Comitale James J 4
4 · Ollie's Bargain Outlet Holdings, Inc. · Filed Apr 3, 2026
Research Summary
AI-generated summary of this filing
Ollie's (OLLI) SVP James Comitale Converts RSUs; Shares Withheld for Taxes
What Happened
James J. Comitale, Senior Vice President and General Counsel of Ollie's Bargain Outlet (OLLI), had RSUs vest on April 1, 2026, resulting in the conversion of 1,249 RSUs into common stock (758 + 491). The conversion is reported as exercise/conversion of derivatives (code M) at $0.00. To satisfy tax withholding obligations, 552 shares (335 + 217) were relinquished/cancelled (code F) at a fair market value of $91.24 per share, resulting in withholding valued at $30,565 and $19,799 respectively (total ~$50,364). The withholding was an exempt transaction under Section 16b-3(e).
Key Details
- Transaction date: April 1, 2026; Form 4 filed April 3, 2026 (appears timely).
- Converted/vested: 1,249 RSUs → 1,249 shares (758 + 491). Reported acquisition price: $0.00 (derivative conversion).
- Shares withheld for taxes: 552 shares (335 + 217) at $91.24 = $50,364 total. These shares were relinquished/cancelled in exchange for the issuer paying the withholding (per footnote F3).
- Fair market value basis: $91.24 per share (closing price on April 1, 2026; footnote F4).
- Vesting context per footnotes: one grant of 3,031 RSUs (25% annual vesting; 758 vested Apr 1, 2026) and one grant of 1,964 RSUs (25% annual vesting; 491 vested Apr 1, 2026).
- Shares owned after the transaction: not specified in the filing.
- Transaction codes: M = exercise/conversion of derivative; F = payment of tax liability via withholding.
Context
This was a standard vesting/conversion of RSUs with shares withheld to cover taxes (a cashless/withholding settlement), not an open-market sale or a company insider purchasing stock. Such tax-withholding dispositions are routine and do not necessarily signal a change in the insider’s view of the company. The filing notes the exemption under Section 16b-3(e) for withholding arrangements.
Insider Transaction Report
- Exercise/Conversion
Common Stock, par value $0.001 per share
[F1][F2]2026-04-01+758→ 4,743 total - Tax Payment
Common Stock, par value $0.001 per share
[F3][F4]2026-04-01$91.24/sh−335$30,565→ 4,408 total - Exercise/Conversion
Common Stock, par value $0.001 per share
[F1][F2]2026-04-01+491→ 4,899 total - Tax Payment
Common Stock, par value $0.001 per share
[F3][F4]2026-04-01$91.24/sh−217$19,799→ 4,682 total - Exercise/Conversion
Restricted Stock Units
[F5][F1][F6]2026-04-01−758→ 1,515 total→ Common Stock (758 underlying) - Exercise/Conversion
Restricted Stock Units
[F5][F1][F7]2026-04-01−491→ 1,473 total→ Common Stock (491 underlying)
Footnotes (7)
- [F1]Represents the conversion upon vesting of restricted stock awards into common stock ("Common Stock").

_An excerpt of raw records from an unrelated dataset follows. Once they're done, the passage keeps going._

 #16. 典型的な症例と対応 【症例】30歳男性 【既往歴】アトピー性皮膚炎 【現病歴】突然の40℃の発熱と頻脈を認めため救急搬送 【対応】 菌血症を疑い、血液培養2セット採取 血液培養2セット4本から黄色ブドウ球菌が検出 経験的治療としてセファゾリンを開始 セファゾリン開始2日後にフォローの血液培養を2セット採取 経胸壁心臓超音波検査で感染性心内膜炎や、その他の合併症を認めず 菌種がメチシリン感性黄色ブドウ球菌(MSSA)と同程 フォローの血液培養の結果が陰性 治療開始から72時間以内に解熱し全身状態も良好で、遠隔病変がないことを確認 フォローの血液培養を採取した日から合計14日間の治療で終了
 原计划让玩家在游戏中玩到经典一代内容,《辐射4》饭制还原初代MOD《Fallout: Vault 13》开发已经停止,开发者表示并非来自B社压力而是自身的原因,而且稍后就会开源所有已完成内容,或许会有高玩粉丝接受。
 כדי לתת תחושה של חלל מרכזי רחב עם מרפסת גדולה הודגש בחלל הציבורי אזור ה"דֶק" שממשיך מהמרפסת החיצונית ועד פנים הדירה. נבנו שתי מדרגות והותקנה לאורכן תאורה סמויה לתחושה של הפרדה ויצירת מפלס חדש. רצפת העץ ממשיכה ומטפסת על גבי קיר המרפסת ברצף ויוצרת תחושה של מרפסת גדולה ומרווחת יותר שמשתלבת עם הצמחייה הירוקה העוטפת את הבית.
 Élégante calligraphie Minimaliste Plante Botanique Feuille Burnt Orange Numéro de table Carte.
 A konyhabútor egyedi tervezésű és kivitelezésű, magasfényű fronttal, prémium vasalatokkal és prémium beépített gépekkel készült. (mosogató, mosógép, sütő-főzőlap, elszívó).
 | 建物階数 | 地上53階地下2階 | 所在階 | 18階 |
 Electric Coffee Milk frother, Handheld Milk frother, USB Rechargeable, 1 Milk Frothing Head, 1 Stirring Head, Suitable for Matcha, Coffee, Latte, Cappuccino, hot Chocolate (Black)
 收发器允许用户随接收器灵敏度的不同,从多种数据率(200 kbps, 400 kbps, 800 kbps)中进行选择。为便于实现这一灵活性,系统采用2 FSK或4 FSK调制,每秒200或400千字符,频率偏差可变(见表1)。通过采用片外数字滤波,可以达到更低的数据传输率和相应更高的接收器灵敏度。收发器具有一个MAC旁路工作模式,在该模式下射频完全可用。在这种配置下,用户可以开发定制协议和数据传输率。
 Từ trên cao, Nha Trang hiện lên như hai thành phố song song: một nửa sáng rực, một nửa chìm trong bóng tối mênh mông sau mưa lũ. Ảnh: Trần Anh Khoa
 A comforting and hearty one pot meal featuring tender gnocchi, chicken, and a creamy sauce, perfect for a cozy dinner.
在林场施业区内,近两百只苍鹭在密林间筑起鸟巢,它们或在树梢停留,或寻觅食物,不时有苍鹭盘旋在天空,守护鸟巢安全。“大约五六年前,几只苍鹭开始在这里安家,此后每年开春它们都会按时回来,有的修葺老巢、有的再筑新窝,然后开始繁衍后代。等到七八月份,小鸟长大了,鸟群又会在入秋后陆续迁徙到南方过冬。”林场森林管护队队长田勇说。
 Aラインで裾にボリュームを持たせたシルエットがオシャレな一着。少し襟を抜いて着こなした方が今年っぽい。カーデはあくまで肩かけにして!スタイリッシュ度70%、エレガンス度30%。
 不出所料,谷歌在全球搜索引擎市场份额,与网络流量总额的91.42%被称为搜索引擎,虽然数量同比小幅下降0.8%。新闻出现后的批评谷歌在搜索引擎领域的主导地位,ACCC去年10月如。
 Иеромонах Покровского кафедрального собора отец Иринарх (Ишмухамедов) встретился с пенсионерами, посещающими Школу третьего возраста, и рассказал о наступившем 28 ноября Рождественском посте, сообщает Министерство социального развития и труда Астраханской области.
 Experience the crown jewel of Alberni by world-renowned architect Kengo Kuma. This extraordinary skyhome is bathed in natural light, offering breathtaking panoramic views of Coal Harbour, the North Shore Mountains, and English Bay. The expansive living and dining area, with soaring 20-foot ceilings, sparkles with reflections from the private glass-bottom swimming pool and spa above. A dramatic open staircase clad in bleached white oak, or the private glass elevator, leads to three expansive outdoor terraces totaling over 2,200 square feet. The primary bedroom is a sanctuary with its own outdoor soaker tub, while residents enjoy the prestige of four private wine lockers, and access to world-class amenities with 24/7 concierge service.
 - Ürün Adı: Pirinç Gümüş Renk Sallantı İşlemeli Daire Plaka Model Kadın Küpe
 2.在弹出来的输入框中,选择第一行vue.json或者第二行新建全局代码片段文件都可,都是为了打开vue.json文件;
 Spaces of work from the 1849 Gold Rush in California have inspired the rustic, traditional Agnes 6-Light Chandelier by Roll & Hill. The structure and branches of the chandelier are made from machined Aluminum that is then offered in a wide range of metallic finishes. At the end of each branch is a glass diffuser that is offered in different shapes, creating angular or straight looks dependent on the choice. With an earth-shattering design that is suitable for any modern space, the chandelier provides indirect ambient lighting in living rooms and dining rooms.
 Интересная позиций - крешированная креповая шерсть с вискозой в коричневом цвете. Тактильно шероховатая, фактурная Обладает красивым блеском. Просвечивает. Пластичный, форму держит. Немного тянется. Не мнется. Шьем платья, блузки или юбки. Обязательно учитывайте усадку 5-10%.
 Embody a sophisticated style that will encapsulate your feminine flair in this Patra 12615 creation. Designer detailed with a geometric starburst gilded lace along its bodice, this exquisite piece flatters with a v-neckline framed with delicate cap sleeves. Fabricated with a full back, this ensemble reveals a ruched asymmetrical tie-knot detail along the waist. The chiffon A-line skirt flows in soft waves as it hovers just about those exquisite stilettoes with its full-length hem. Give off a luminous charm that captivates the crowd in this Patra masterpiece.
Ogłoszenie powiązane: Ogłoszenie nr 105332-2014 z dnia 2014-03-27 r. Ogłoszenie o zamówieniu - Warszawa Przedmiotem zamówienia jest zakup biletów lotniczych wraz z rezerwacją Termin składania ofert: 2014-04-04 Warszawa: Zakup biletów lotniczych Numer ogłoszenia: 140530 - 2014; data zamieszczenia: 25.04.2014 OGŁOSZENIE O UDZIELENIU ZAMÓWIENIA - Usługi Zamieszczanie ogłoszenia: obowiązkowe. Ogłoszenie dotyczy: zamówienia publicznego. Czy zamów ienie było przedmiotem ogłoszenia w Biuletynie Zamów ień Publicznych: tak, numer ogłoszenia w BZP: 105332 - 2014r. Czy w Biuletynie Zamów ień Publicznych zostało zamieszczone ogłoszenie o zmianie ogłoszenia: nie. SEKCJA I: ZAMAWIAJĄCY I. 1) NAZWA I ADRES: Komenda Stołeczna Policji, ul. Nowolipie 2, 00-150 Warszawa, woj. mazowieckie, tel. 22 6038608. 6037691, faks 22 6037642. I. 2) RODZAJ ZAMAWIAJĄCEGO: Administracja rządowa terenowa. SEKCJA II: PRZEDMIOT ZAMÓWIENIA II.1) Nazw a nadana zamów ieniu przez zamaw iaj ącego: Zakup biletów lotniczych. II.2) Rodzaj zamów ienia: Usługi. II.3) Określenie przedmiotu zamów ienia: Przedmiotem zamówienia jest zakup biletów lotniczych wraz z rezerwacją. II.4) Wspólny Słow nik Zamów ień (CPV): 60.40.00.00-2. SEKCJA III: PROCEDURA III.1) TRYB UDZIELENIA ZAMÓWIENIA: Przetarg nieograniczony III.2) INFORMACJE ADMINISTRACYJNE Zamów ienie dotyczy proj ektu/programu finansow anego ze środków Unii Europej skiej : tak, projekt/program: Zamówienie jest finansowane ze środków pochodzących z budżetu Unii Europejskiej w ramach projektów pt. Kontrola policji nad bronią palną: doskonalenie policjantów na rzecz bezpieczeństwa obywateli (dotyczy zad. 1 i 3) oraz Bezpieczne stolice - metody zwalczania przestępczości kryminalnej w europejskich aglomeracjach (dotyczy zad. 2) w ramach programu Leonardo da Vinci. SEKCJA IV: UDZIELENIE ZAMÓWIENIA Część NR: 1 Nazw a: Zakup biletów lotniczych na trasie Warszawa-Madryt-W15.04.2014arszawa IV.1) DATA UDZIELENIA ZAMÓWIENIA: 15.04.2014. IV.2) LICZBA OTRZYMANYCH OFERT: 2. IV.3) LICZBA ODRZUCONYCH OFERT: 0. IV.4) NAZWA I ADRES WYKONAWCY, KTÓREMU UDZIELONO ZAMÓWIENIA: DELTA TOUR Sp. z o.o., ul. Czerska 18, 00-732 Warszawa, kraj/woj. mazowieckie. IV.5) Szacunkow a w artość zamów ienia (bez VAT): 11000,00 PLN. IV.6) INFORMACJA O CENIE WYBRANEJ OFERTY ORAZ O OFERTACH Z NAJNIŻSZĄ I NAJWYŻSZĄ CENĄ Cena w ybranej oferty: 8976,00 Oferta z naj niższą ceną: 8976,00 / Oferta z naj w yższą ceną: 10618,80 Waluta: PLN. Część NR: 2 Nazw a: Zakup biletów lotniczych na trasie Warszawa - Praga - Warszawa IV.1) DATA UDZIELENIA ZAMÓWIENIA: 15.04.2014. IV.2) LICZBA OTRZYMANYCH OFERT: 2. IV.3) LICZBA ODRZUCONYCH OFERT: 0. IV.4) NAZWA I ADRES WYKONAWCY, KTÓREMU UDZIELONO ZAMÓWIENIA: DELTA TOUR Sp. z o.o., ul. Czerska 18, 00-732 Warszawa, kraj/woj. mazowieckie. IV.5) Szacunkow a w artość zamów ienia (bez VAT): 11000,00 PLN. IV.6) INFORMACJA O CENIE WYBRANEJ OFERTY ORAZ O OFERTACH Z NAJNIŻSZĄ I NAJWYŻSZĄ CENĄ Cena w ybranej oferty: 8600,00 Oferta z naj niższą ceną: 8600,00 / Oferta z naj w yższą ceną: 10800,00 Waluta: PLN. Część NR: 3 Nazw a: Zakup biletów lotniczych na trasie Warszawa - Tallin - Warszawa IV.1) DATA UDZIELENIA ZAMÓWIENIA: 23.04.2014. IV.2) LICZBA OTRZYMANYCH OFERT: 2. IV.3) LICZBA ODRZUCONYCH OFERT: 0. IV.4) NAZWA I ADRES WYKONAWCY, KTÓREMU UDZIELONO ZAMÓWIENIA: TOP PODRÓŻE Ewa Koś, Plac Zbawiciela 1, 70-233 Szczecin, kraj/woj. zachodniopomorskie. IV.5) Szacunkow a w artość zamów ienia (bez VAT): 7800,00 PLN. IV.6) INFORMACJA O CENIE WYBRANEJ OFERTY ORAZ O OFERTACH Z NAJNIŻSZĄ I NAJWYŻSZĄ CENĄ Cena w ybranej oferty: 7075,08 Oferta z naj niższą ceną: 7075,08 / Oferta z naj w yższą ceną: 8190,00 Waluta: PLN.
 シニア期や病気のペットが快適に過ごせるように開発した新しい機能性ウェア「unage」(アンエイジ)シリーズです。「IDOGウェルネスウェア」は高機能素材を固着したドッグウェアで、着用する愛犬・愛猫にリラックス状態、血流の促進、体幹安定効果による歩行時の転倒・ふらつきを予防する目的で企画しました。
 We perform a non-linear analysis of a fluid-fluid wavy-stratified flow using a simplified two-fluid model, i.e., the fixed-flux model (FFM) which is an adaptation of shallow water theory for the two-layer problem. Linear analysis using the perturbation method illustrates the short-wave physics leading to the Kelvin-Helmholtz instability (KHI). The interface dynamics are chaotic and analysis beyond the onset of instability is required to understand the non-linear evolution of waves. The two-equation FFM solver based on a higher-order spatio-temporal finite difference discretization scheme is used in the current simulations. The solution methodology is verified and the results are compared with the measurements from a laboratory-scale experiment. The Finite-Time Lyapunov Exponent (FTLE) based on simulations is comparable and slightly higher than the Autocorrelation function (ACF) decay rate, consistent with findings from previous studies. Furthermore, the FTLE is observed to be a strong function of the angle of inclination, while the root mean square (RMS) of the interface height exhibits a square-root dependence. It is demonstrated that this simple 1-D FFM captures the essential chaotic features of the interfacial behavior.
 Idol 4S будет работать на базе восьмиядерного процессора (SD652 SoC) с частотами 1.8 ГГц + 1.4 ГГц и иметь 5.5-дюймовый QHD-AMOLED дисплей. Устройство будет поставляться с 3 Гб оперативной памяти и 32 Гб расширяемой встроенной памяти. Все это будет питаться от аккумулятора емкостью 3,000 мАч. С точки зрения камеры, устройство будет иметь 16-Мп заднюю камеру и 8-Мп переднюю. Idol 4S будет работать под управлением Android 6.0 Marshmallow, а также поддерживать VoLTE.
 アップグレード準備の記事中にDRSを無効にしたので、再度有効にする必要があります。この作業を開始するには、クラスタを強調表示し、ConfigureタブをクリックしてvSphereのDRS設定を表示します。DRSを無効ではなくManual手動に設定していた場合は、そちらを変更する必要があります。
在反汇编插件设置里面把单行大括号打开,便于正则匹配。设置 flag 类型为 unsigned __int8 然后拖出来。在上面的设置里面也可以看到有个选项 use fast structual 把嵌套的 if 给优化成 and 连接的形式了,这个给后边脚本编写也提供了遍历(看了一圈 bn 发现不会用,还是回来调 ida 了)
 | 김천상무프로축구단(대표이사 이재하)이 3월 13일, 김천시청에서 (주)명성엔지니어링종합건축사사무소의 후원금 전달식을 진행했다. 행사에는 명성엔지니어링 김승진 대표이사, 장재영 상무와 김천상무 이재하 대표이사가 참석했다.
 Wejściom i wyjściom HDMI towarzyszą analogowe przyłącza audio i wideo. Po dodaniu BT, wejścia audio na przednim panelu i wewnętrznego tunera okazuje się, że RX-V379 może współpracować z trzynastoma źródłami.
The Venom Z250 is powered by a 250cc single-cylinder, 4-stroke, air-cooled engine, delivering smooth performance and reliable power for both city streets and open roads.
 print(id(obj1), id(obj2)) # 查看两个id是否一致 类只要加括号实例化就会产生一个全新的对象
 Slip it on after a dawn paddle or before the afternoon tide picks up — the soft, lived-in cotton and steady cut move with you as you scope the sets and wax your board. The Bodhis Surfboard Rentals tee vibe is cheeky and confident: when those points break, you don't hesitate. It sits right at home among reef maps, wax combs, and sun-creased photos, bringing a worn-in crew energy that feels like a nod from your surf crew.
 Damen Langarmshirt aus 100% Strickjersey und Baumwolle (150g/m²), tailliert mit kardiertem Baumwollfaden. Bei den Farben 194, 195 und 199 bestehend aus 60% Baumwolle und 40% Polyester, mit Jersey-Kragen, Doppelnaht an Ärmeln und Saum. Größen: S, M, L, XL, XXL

- [F2]Restricted Stock Units ("RSUs") convert into Common Stock on a one-for-one basis.
- [F3]Exempt transaction pursuant to Section 16b-3(e) - payment of exercise price or tax liability by delivering or withholding securities incident to the receipt, exercise or vesting of a security issued in accordance with Rule 16b-3. All of the shares reported as disposed of in this Form 4 were relinquished by the reporting person and cancelled by the issuer in exchange for the issuer's agreement to pay federal and state tax withholding obligations of the reporting person resulting from the vesting of restricted stock units.
- [F4]The price reported in column 4 is equivalent to the fair market value based on the closing market price as of April 1, 2026.
- [F5]Each of the RSUs represents a contingent right to receive one share of Common Stock at vesting.
- [F6]RSUs vest and become exercisable in 25% installments on each anniversary date of the grant, April 1, 2024, subject to continued service through each applicable vesting date. The reporting person was granted 3,031 RSUs, of which 758 vested on April 1, 2025; 758 vested on April 1, 2026; 757 vest on April 1, 2027; and 758 vest on April 1, 2028.
- [F7]RSUs vest and become exercisable in 25% installments on each anniversary date of the grant, April 1, 2025, subject to continued service through each applicable vesting date. The reporting person was granted 1,964 RSUs, of which 491 vested on April 1, 2026; 491 vest on April 1, 2027; 491 vest on April 1, 2028; and 491 vest on April 1, 2029.